Добавить в цитаты Настройки чтения

Страница 74 из 111

Мне не подобает описывать любовные радости Сибиллы, супруги моего прокурора, которые она узнала или надеялась узнать за эти недели. Но было ли обоюдное счастье ее и Штиллера таким полным, как полагали, замкнувшись в молчаливой ревности, два заинтересованных лица: фрау Юлика Штиллер-Чуди - с одной стороны, мой друг, прокурор, - с другой, я не уверен. Любовь без крыши над головой, любовь без пристанища, ограниченная краткими часами экстаза, это каждому ясно, - рано или поздно заходит в тупик. Объятия в высокой ржи или в ночном лесу, какое-то время романтические, волнующие, рано или поздно становятся смешными, унизительными, просто невозможными, когда даже юмор ничему помочь не может, в конце концов оба они уже вышли из гимназического возраста, оба были взрослыми, он был женат, она - замужем... Сибилла понимала (так она говорит), отчего Штиллер избегал принимать ее в своей мастерской. Там все напоминало о больной Юлике. Она жалела, что они не встречаются больше в просторной, залитой светом мастерской, которая ей полюбилась. Но она понимала мотивы Штиллера. Чего бы только она не отдала, чтобы Юлика была полноценной, здоровой женщиной, равной соперницей, которой можно предложить открытую войну или дружбу, пусть даже ревнивой фурией, поносящей Сибиллу на каждом углу за безнравственность, истеричкой, угрожающей отравиться газом на кухне, храброй дурочкой, способной перейти в контратаку и в отместку тоже нарушить супружескую верность, - все было бы для Сибиллы приемлемее, чем больная женщина, удалившаяся в Давос, в санаторий. Они, здоровые, все равно будут виноваты перед ней - женщиной, которую Сибилла даже не видела, перед этим призраком! Но ничего не поделаешь, так уж вышло, и значит, мастерская отпадала. Что им оставалось, кроме открытого неба, вольного воздуха да считанных сельских гостиниц? Для их любви дождливая неделя была столь же губительной, как для актеров, исполняющих на открытой сцене "Сон в летнюю ночь". Гостинец было мало, и они теперь чаще попадали в те же самые, дороги в окрестностях города все чаще вели в никуда, беседы их становились все более грустными - остроумными, но грустными, - одним словом, так продолжаться не могло...

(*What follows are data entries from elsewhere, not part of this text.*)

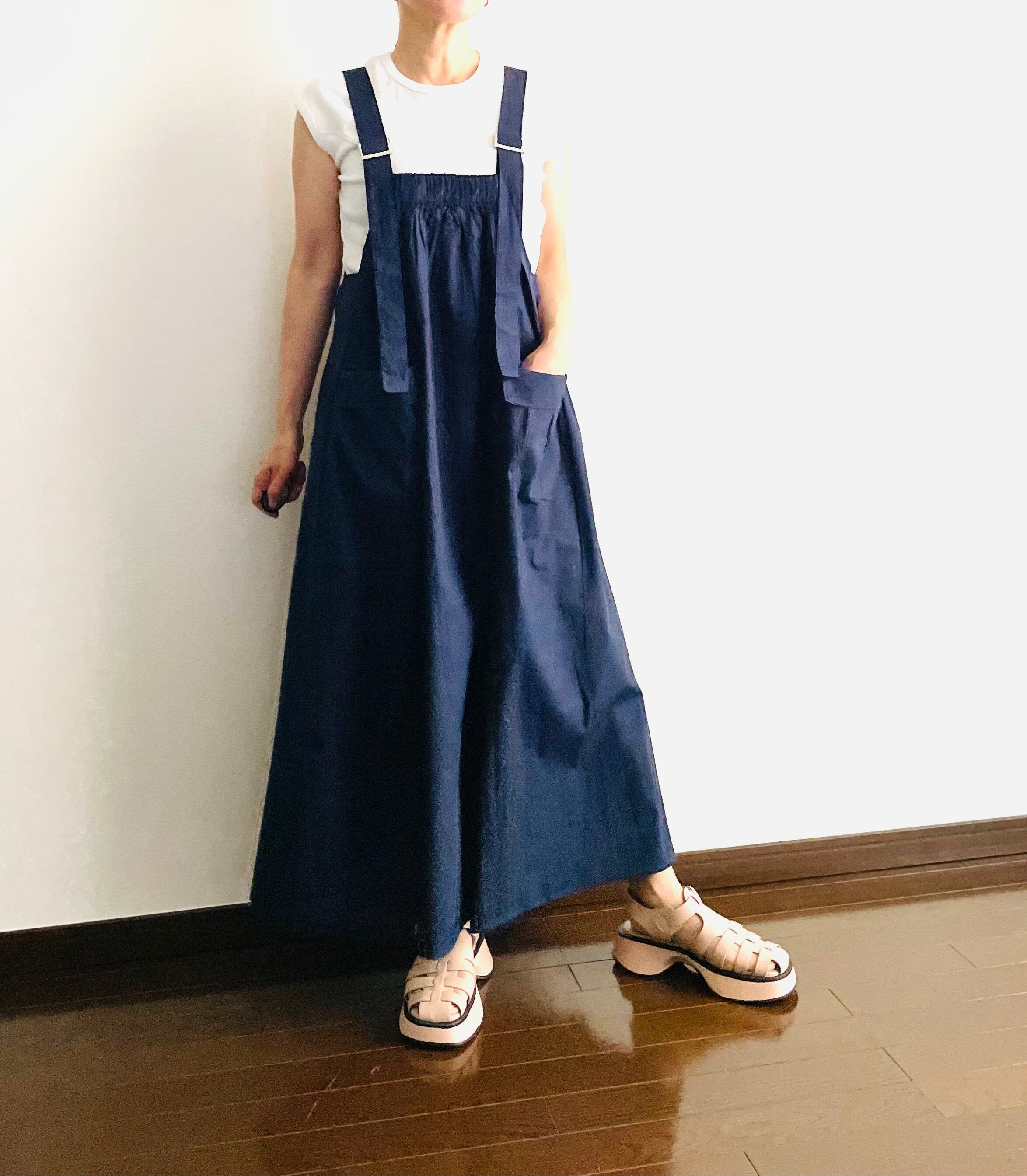 サロペットマキシ丈ジャンパースカート
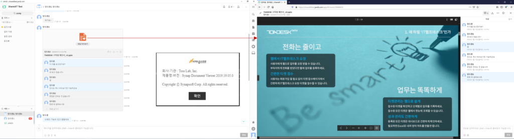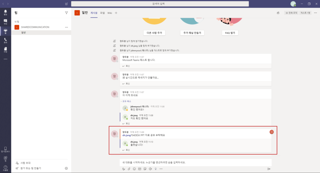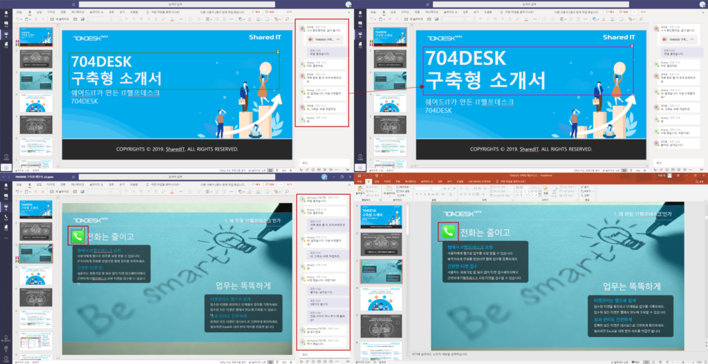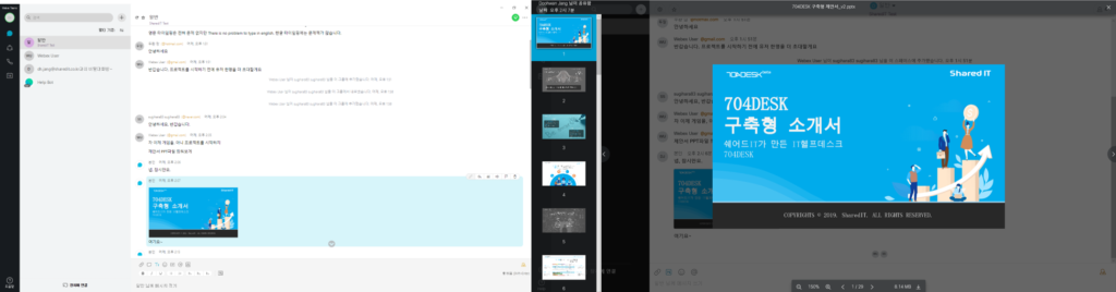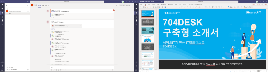 그리고 PPT파일이 공유된 스레드를 미리보기 우측으로 가져와 대화를 이어나갈 수 있습니다. Microsoft Teams처럼 PPT파일만의 스레드가 아니고 공동편집도 불가능 한 것은 아쉬웠네요.
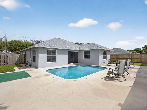 Welcome to this beautifully maintained pool home in the heart of Jupiter's sought-after North Palm Beach Heights!This 3-bedroom, 2-bath single-story home blends comfort, convenience, and classic Florida living. Step through the covered entry and into a bright, open floor plan where natural light flows across tile flooring throughout. The spacious living and dining areas feature vaulted ceilings and plantation shutters, creating an inviting atmosphere ideal for relaxing or entertaining.The kitchen sits at the center of it all -- equipped with stainless steel appliances, plenty of cabinet storage, and a long breakfast bar overlooking the living area, perfect for gathering with friends and family. The primary suite offers a quiet retreat with a walk-in closet and a private bath, while the additional bedrooms feature engineered laminate flooring and new blinds for a clean, modern look.

Притом они по-настоящему любили друг друга.

- Знаешь что, - в один прекрасный день сказала Сибилла, - давай поедем в Париж! - Штиллер неуверенно улыбнулся. - Я сейчас иду из банка, можешь ни о чем не беспокоиться, надо только узнать, когда идет поезд. - Штиллер попросил у кельнера железнодорожное расписание. Недостатка в поездах на Париж не было. И вот однажды в июле они действительно отправились на вокзал, сидели на скамье под электрическими часами - билеты в кармане, - запасшись зубными щетками и паспортами. - Едем мы или нет? - спросил Штиллер, словно решение зависело только от нее, не от него. Кондуктор уже ходил от вагона к вагону: - Занимайте места! Прошу пассажиров занять места! - Сибилле было жалко Штиллера. В его решимости пойти ей навстречу она не сомневалась, но сама вдруг потеряла охоту ехать. Слишком ожесточенной была эта его решимость. - А Юлика? - спросила она. Стрелка на электрических часах дрогнула, перескочила еще на минуту. В сущности, Штиллер был рад (говорит Сибилла), что, хотя бы с виду, колеблется она, а не он. Он же, с ее чемоданчиком в руках, олицетворяет собой несокрушимую мужскую решимость. Одна за другой захлопывались двери вагонов. Но Сибилла не встала со скамьи, она слишком ясно чувствовала, что призрак уже там, в купе, а ехать в Париж вместе с призраком у нее не было охоты... Поезд ушел, оставив их на перроне, и они решили, что Штиллер поедет сперва в Давос и откровенно расскажет обо всем больной Юлике, другого выхода у них не было.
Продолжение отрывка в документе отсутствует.